Fig 7. Effect of WDR1 depletion on TbPLK-mediated phosphorylation of TbCentrin2 in the bilobe.

Control and WDR1 RNAi cells (24 h) were co-immunostained with PS54 antibody, which detects the phospho-Ser54 of TbCentrin2 (arrowheads), and 20H5, which labels the bilobe. Cells were counterstained with DAPI for nuclear (N) and kinetoplast (K) DNA. Scale bar: 5 μm.

Fig 8. Model of the role of CRL4^WDR1 in controlling TbPLK protein abundance to promote bilobe duplication, basal body segregation and FAZ assembly.

WDR1 in the CRL4 ubiquitin ligase complex recognizes the PEST motif in TbPLK. Binding of TbPLK to WDR1 causes TbPLK ubiquitination by CRL4^WDR1 and subsequent degradation of TbPLK in the basal body and the bilobe after the G1/S cell cycle transition.
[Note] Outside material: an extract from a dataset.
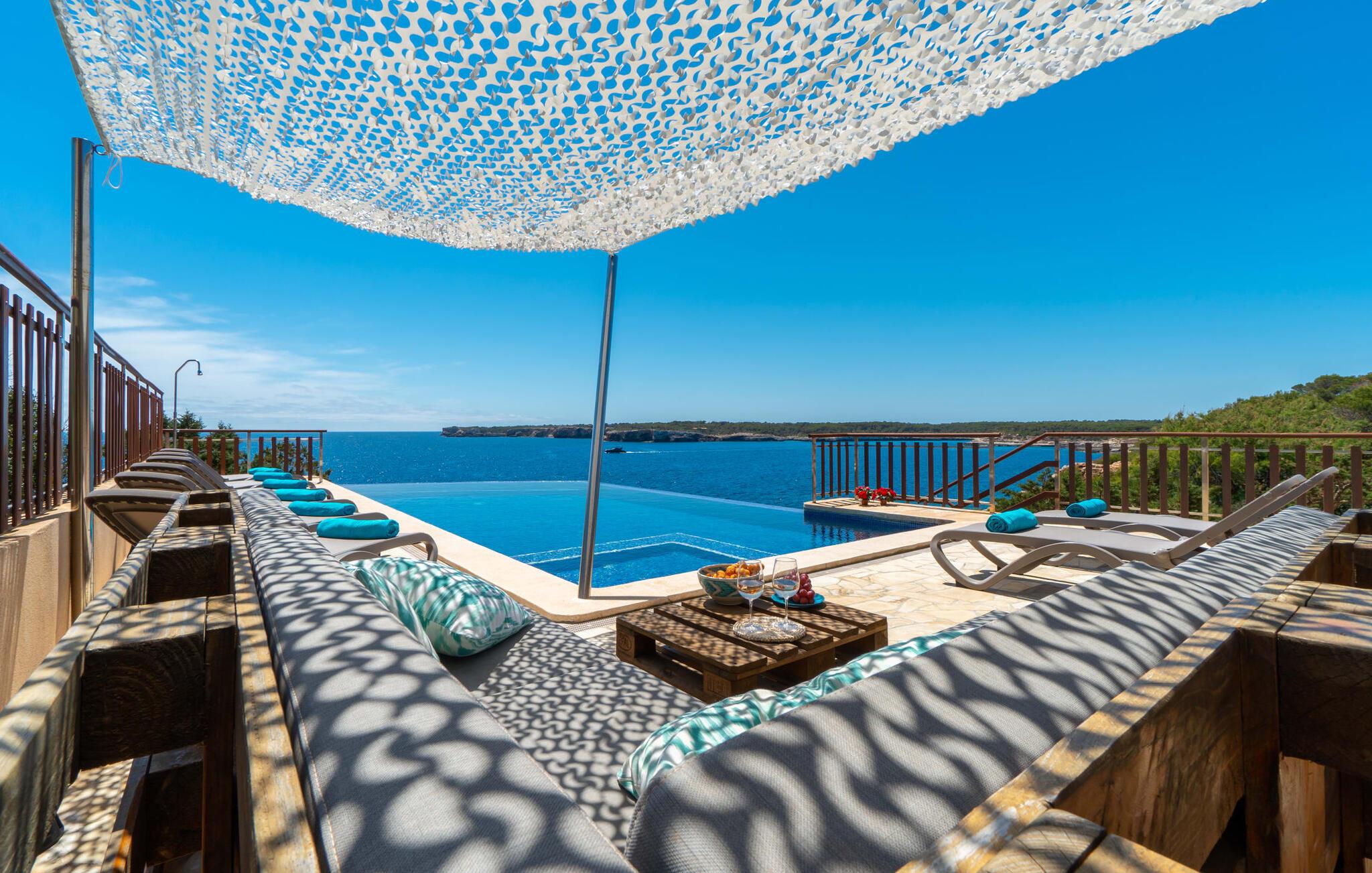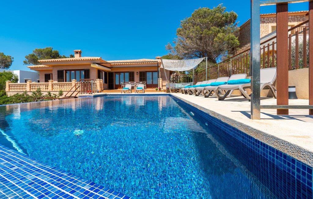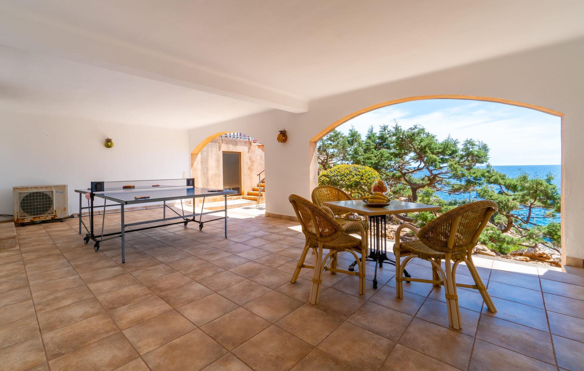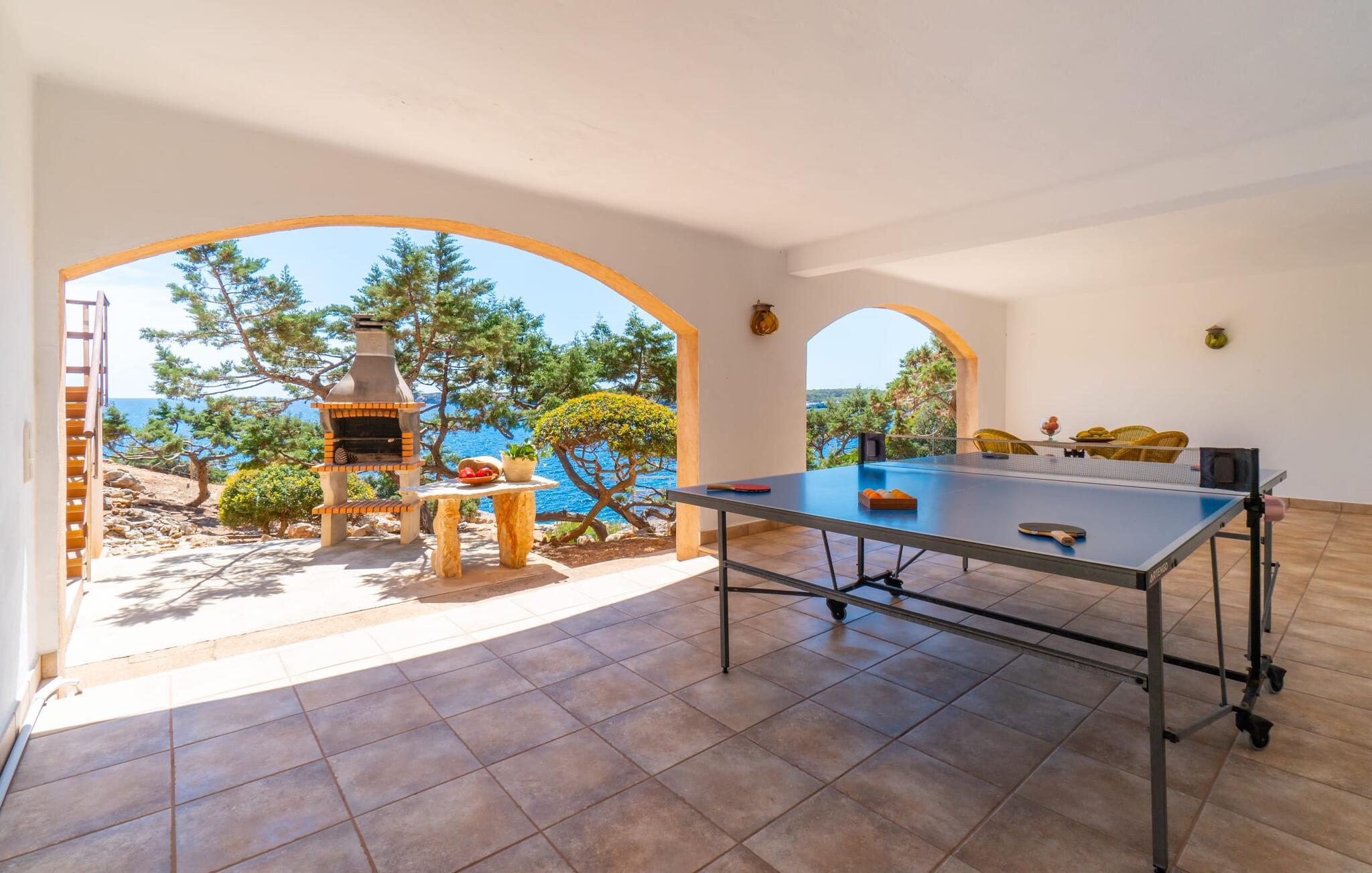 Med sit slående navn refererer den drømmeagtige villa "Ses Penyes Rotges" til et bemærkelsesværdigt naturskue - fordi det ligger direkte på de berømte røde klipper i den sydlige kystsektion mellem Portopetro og Mondragó Naturpark. Som ejendom i en eksklusiv urbanisering med lidt gennemkørende trafik, nyder I godt af en virkelig førsteklasses beliggenhed med kun få naboer. En smal sti og trin hugget ind i klipperne fører jer direkte til jeres private indgang til havet. Fra sommerhuset kan I nyde den frie udsigt til det funklende blå fra morgen til aften - enten fra en af de talrige altaner eller fra de rummelige overdækkede terrassearealer, hvor I kan opleve bordtennis og grill på en helt ny måde. Den kølige infinity-pool ser ud til at flyde direkte ud i Middelhavet og sikrer eksklusiv badeglæde. For de yngre gæster er der en ekstra børnepool, der erstatter soppebassinet. På trods af placeringen over klippeklipperne er hele området behageligt grønt. Denne typiske kystflora går igen i haveområdet med fyrretræer og kaktusser. Bemærk venligst, at adgang til havet ikke kan garanteres i tilfælde af dårligt vejr eller kraftig vind og ujævn hav. Ejerne vil så ikke bygge trappen. Hvis I gerne vil selvforplejning i dette vidunderlige sommerhus, så tag til fiskerlandsbyen Portopetro eller til de ugentlige markeder i den beboelige sydlige del af øen. I kan lave mad i det fuldt udstyrede køkken med et tidløst design og servere middelhavskøkkenets delikatesser via lugen direkte i den smarte spisestue. Den lyse og rummelige rumindretning med åben stue og spiseplads samt fire rummelige soveværelser understreges af et harmonisk farvevalg. Det lyse design med grå gulvfliser er kombineret med varme trætoner. Den moderne stil kombinerer den kølige adel af en maritim villa med typisk mallorcansk pragmatisme. Takket være de fuldt klimatiserede soveværelser kan I ikke bare håbe på en kølig brise fra havet. Tre moderne badeværelser, to af dem en suite, inviterer jer til at tage et brusebad. En af dem med et dobbeltværelse kan kun nås via den spanske terrasse med et ekstra loungehjørne. Flyd væk i dette perfekte sommerhus med op til otte personer, eller vær aktiv med båd- eller kajakudlejning, tag på fisketur eller tag en dukkert i havet. Spil bordtennis eller, hvis I foretrækker noget lidt mere generøst, besøg den nærliggende tennisbane - "Ses Penyes Rotges" tilbyder jer fantastiske rammer for jeres individuelle ferie! Den eksklusive villa "Ses Penyes Rotges" med pool og talrige terrasser er en sand juvel blandt mallorcanske feriehuse. Det ligger på den første kystlinje i den sydlige del af øen nær fiskerbyen Portopetro. Beliggende på kanten af en udsøgt urbanisering, vil I nyde en spektakulær udsigt over havet. I kan gøre jeres indkøb i de omkringliggende landsbyer eller tage på udflugter til de smukkeste steder i syd som Santanyí eller Cala D'Or. For at svømme i havet går I ned ad en privat sti med et par trin til badestigen indlejret i klippen. Aircondition i soveværelserne er inkluderet i prisen, men brugen er begrænset til mellem kl. 22.00 og kl. Gebyret afregnes herefter kontant på stedet.

This degradation of TbPLK in the basal body and the bilobe promotes bilobe duplication, basal body segregation, FAZ filament assembly, flagellum attachment and faithful cytokinesis. When WDR1 is depleted, TbPLK is not recruited to the TbCUL4-TbDDB1 complex for ubiquitination, leading to TbPLK accumulation in the basal body and the bilobe, where it may continuously phosphorylate the bilobe protein TbCentrin2. This accumulation of TbPLK inhibits bilobe duplication, impairs basal body segregation, disrupts the assembly of the new FAZ filament, which causes flagellum detachment, and blocks cytokinesis.